The electronic equipment can be any intelligent terminal including a tablet personal computer, a vehicle-mounted computer and the like.

Generally, for the hardware structure of the electronic device, the processor 210 may be implemented by a general-purpose CPU (central processing unit), a microprocessor, an application-specific integrated circuit (ApplicationSpecificIntegratedCircuit, ASIC), or one or more integrated circuits, etc. for executing related programs to implement the technical solutions provided in the embodiments of the present application.

Memory 220 may be implemented in the form of read-only memory (ReadOnlyMemory, ROM), static storage, dynamic storage, or random access memory (RandomAccessMemory, RAM). The memory 220 may store an operating system and other application programs, and when the technical solutions provided in the embodiments of the present application are implemented by software or firmware, relevant program codes are stored in the memory 220, and the processor 210 invokes the interface information processing method to execute the embodiments of the present application.

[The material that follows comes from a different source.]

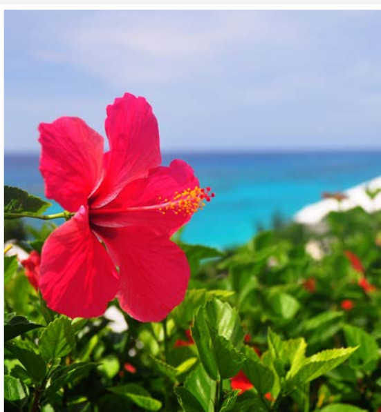
Photos (from top): Christmas Lights at King's Square, St. George (Vernaccia); Royal Poinciana Tree and Pink House, Bermuda (kansasphoto); Hibiscus on Bermuda (kansasphoto)

The input/output interface is used for realizing information input and output.

The communication interface is used for realizing communication interaction between the device and other devices, and can realize communication in a wired mode (such as USB, network cable and the like) or in a wireless mode (such as mobile network, WIFI, bluetooth and the like).

Bus 230 conveys information between various components of the device (e.g., processor 210, memory 220, input/output interfaces, and communication interfaces). The processor 210, memory 220, input/output interfaces, and communication interfaces enable communication connections to each other within the device via bus 230.

Embodiments of the present application provide a computer-readable storage medium. The computer-readable storage medium stores computer-executable instructions for causing a computer to perform the data processing method as described above.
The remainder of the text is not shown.